Top of Supplied information

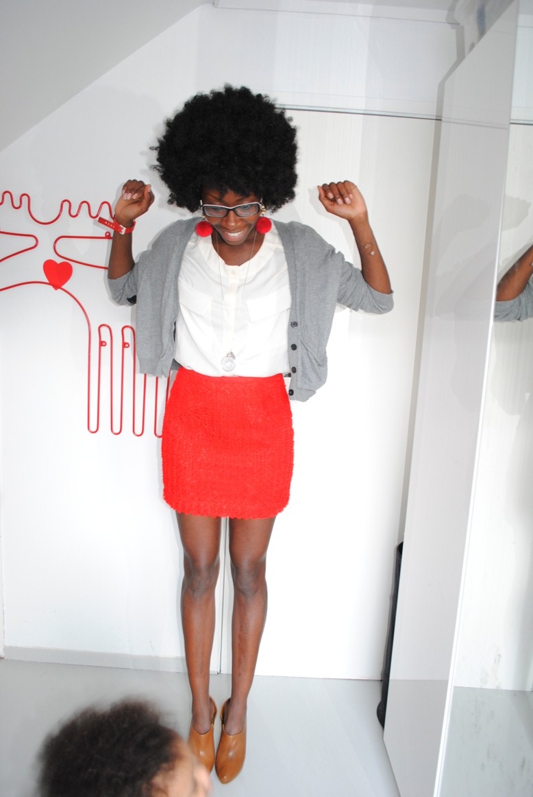 @unefemmenoire: Merci Josee! Je suis folle de cette jupe, la couleur, les details et son prix tout mini! 50 NOK equivalent a 5 euros environ. Le taux de change est de 8 couronnes pour un euro normalement mais vu que la tva est plus elevee ici, chez H&M c’est plutot 10. Bisous
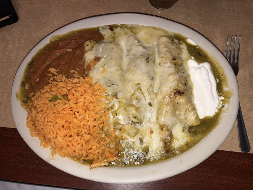 I can still taste this picture. The #6 green chicken enchiladas (with fajita chicken) was a sensory treat for my tongue. The fajita chicken was cooked perfectly and sliced thin and long, just enough for me to double it over and dip it into the green sauce. The green Chile sauce tasted fresh, and for some reason the sour cream tastes incredible when served with any dish in this restaurant. Mixing the rice into the overflow sauce was deeeee-licious! (The fork is for scale- this plate is HUGE.)
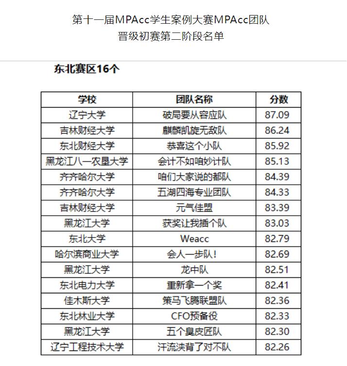 本网讯(会计学院 供稿)4月25日,第十一届MPAcc学生案例大赛公布了MPAcc团队晋级初赛第二阶段名单以及本科生代表队获奖名单,kaiyun官网由韩道琴教授指导的麒麟凯旋无敌(会计专硕)队和由胡玮佳老师指导的元气佳盟(会计专硕)队分别获得东北赛区第2名和第7名,成功入围案例大赛初赛第二阶段;由卢相君教授指导的蕾文泽奕(本科生)队、由韩道琴教授指导的独具匠心(本科生)队分别荣获本科生代表队全国三等奖。
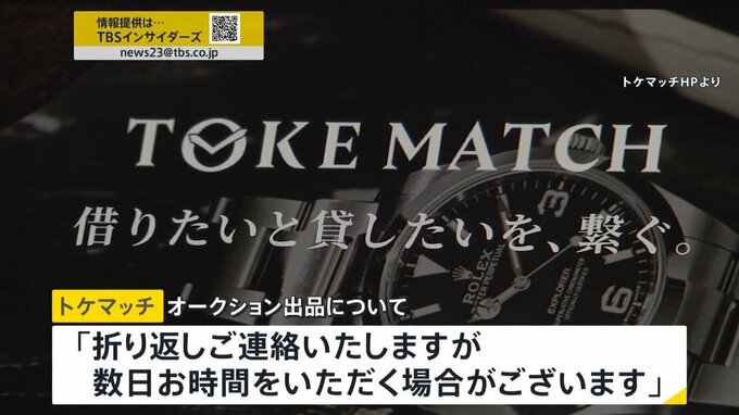 腕時計がオークションサイトに出品されていることについて、トケマッチ側は私たちの取材に対し、28日までに「折り返しご連絡を致しますが数日お時間をいただく場合がございます」と回答しています。
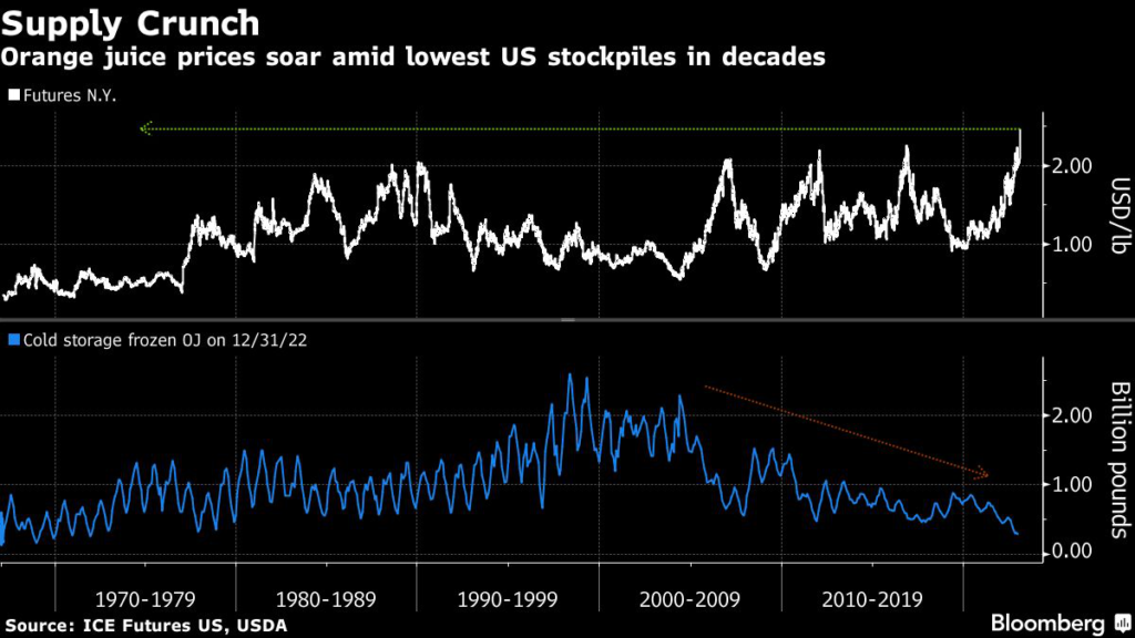 It exacerbated long-term impact from the devastating citrus-greening disease that’s sent costs soaring as well. Greening makes fruit shrivel and reduces yield, eventually killing trees.
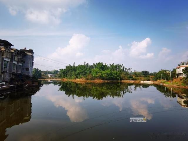 这个池塘的水域面积非常大,蓝天白云下的湖光山色格外美丽。
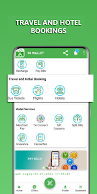 TA Wallet은 사용자가 온라인 거래를 수행할 수 있는 무료 디지털 지갑입니다. 이 현금 없는 결제 시스템은 무료 충전 및 PhonePe.
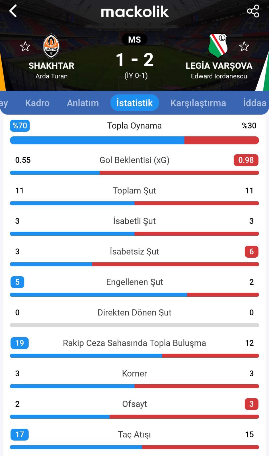 UEFA Konferans Ligi'nin 2. haftasında Arda Turan yönetimindeki Shakhtar Donetsk, Legia Varşova'yla karşılaştı.

Bottom of Supplied information

* _What you should do_
Return the complete data unchanged and include none of the pictures.

* _Answer below_
 @unefemmenoire: Merci Josee! Je suis folle de cette jupe, la couleur, les details et son prix tout mini! 50 NOK equivalent a 5 euros environ. Le taux de change est de 8 couronnes pour un euro normalement mais vu que la tva est plus elevee ici, chez H&M c’est plutot 10. Bisous
 I can still taste this picture. The #6 green chicken enchiladas (with fajita chicken) was a sensory treat for my tongue. The fajita chicken was cooked perfectly and sliced thin and long, just enough for me to double it over and dip it into the green sauce. The green Chile sauce tasted fresh, and for some reason the sour cream tastes incredible when served with any dish in this restaurant. Mixing the rice into the overflow sauce was deeeee-licious! (The fork is for scale- this plate is HUGE.)
 本网讯(会计学院 供稿)4月25日,第十一届MPAcc学生案例大赛公布了MPAcc团队晋级初赛第二阶段名单以及本科生代表队获奖名单,kaiyun官网由韩道琴教授指导的麒麟凯旋无敌(会计专硕)队和由胡玮佳老师指导的元气佳盟(会计专硕)队分别获得东北赛区第2名和第7名,成功入围案例大赛初赛第二阶段;由卢相君教授指导的蕾文泽奕(本科生)队、由韩道琴教授指导的独具匠心(本科生)队分别荣获本科生代表队全国三等奖。
 腕時計がオークションサイトに出品されていることについて、トケマッチ側は私たちの取材に対し、28日までに「折り返しご連絡を致しますが数日お時間をいただく場合がございます」と回答しています。
 It exacerbated long-term impact from the devastating citrus-greening disease that’s sent costs soaring as well. Greening makes fruit shrivel and reduces yield, eventually killing trees.
 这个池塘的水域面积非常大,蓝天白云下的湖光山色格外美丽。
 TA Wallet은 사용자가 온라인 거래를 수행할 수 있는 무료 디지털 지갑입니다. 이 현금 없는 결제 시스템은 무료 충전 및 PhonePe.
 UEFA Konferans Ligi'nin 2. haftasında Arda Turan yönetimindeki Shakhtar Donetsk, Legia Varşova'yla karşılaştı.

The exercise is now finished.